From 1985 to 1989, Spicer attended Portsmouth Abbey School, a Roman Catholic boarding school in Rhode Island.[22] While in high school, he volunteered for local political campaigns in Rhode Island and continued those activities while at college.[23]

He attended Connecticut College from 1989 to 1993 and graduated with a Bachelor of Arts degree in government.[24] In college he was a student senator. In April 1993, an article in the student paper, The College Voice, referred to Spicer as "Sean Sphincter"; Spicer submitted an angry complaint to the paper and followed up by pushing for college judicial action against the paper, for which he received further ribbing from the campus satirical publication Blats. The incident was later cited as a precursor of his contentious relationship with the media in later years.[25][26]

In 2012, he earned a master's degree in national security and strategic studies from the Naval War College in Newport, Rhode Island.[27]

Early career

After graduating from college in 1993, Spicer worked on a number of political campaigns.[28] In the late 1990s, he worked for representatives Mike Pappas (R-NJ),[29] Frank LoBiondo (R-NJ),[30] Mark Foley (R-FL),[31] and Clay Shaw (R-FL).[32]

In 1999, Spicer joined the United States Navy Reserve as a public affairs officer; he currently holds the rank of commander.[33] As of December 2016, he was assigned to the Joint Chiefs of Staff's naval reserve contingent in Washington, D.C.[34]

Early government appointments

From 2000 to 2001, Spicer was the communications director on the House Government Reform Committee, and from 2001 to 2002 he was director of incumbent retention at the National Republican Congressional Committee (NRCC).[35]
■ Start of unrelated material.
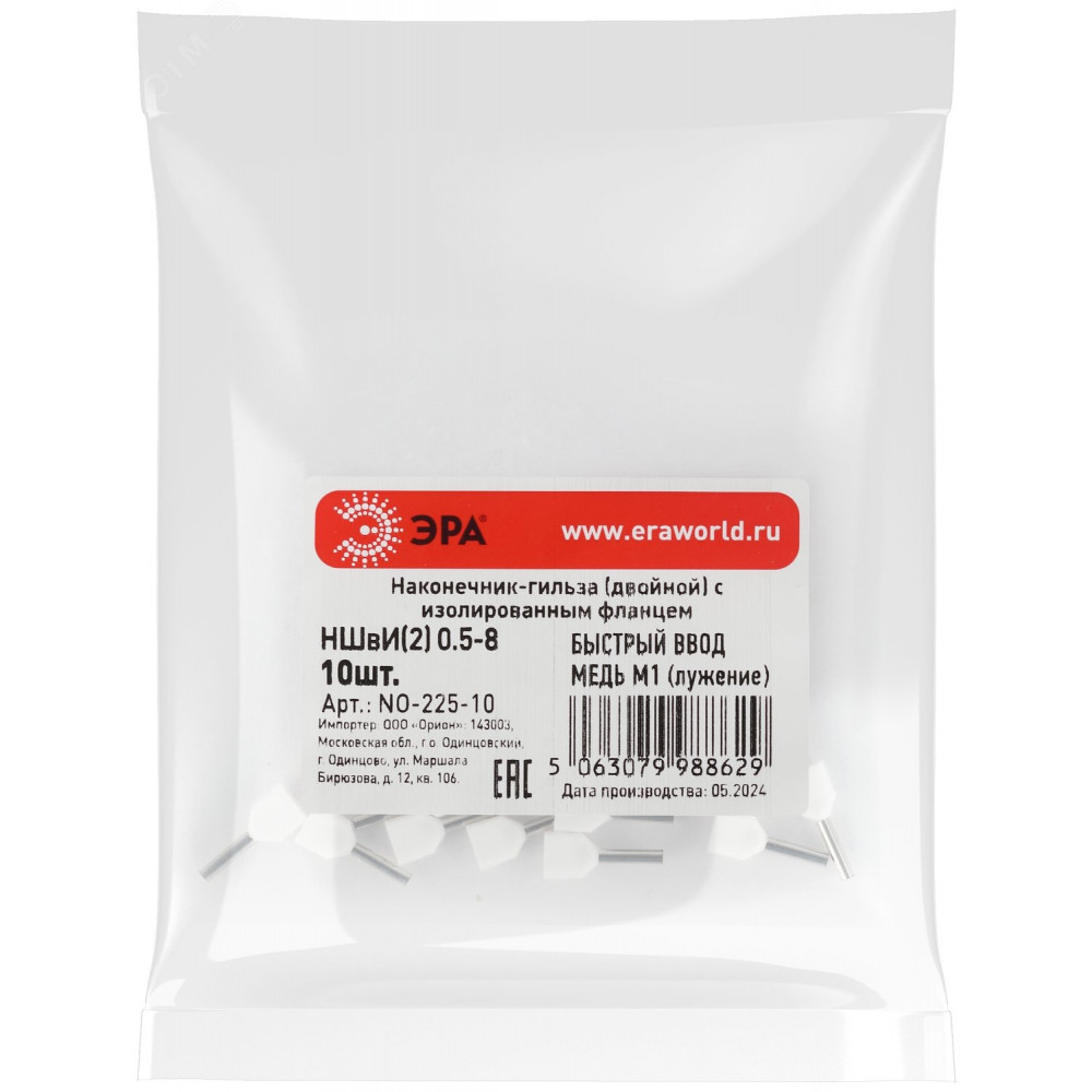 Доставка Наконечник-гильза с изолированным фланцем (упаковка 10 шт.) NO-225-10 (двойной) НШвИ(2) 0,5-8 Б0063277

From 2003 to 2005,[35] Spicer was the communications director and spokesman for the House Budget Committee.[2] He subsequently was the communications director for the Republican Conference of the U.S. House of Representatives, and then, from 2006 to 2009, was the assistant for media and public affairs at the Office of the United States Trade Representative in President George W. Bush's administration.[36] He wore an Easter bunny suit during the White House Easter Egg Rolls.[37]
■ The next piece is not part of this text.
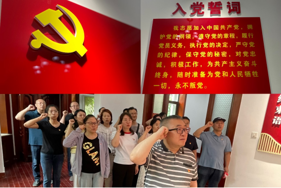 参观尾声,全体党员在支部书记的带领下重温入党誓词,重忆入党初心,在党旗下接受心灵的净化和洗礼,在铿锵有力的宣誓中回望初心,矢志不渝跟党走,永葆共产党员的初心本色,以更加饱满的热情投入到工作中!

Endeavor Global Strategies

From 2009 to 2011, Spicer was a partner at Endeavor Global Strategies, a public relations firm he co-founded to represent foreign governments and corporations with business before the U.S. government.[38] His clients included the government of Colombia, which was then seeking a free trade agreement with the U.S. amid public criticism of its human rights record.[39] Spicer worked full-time at the firm until February 2011.[40]

Republican National Committee

In February 2011, Spicer became the communications director of the Republican National Committee.[40] At the RNC, he enlarged the organization's social media operations, built an in-house TV production team, and created a rapid response program to reply to attacks.[36] In February 2015, he was given an additional role, as chief strategist for the party.[41]

While at the RNC, Spicer was critical of then Republican presidential candidate Donald Trump. In June 2015, after Trump said illegal immigrants from Mexico were involved in crimes in the U.S., Spicer said "painting Mexican Americans with that kind of a brush, I think that's probably something that is not helpful to the cause."[42] In July 2015, he released a public criticism of Trump's comments on U.S. Senator John McCain, saying "there is no place in our party or our country for comments that disparage those who have served honorably."[43]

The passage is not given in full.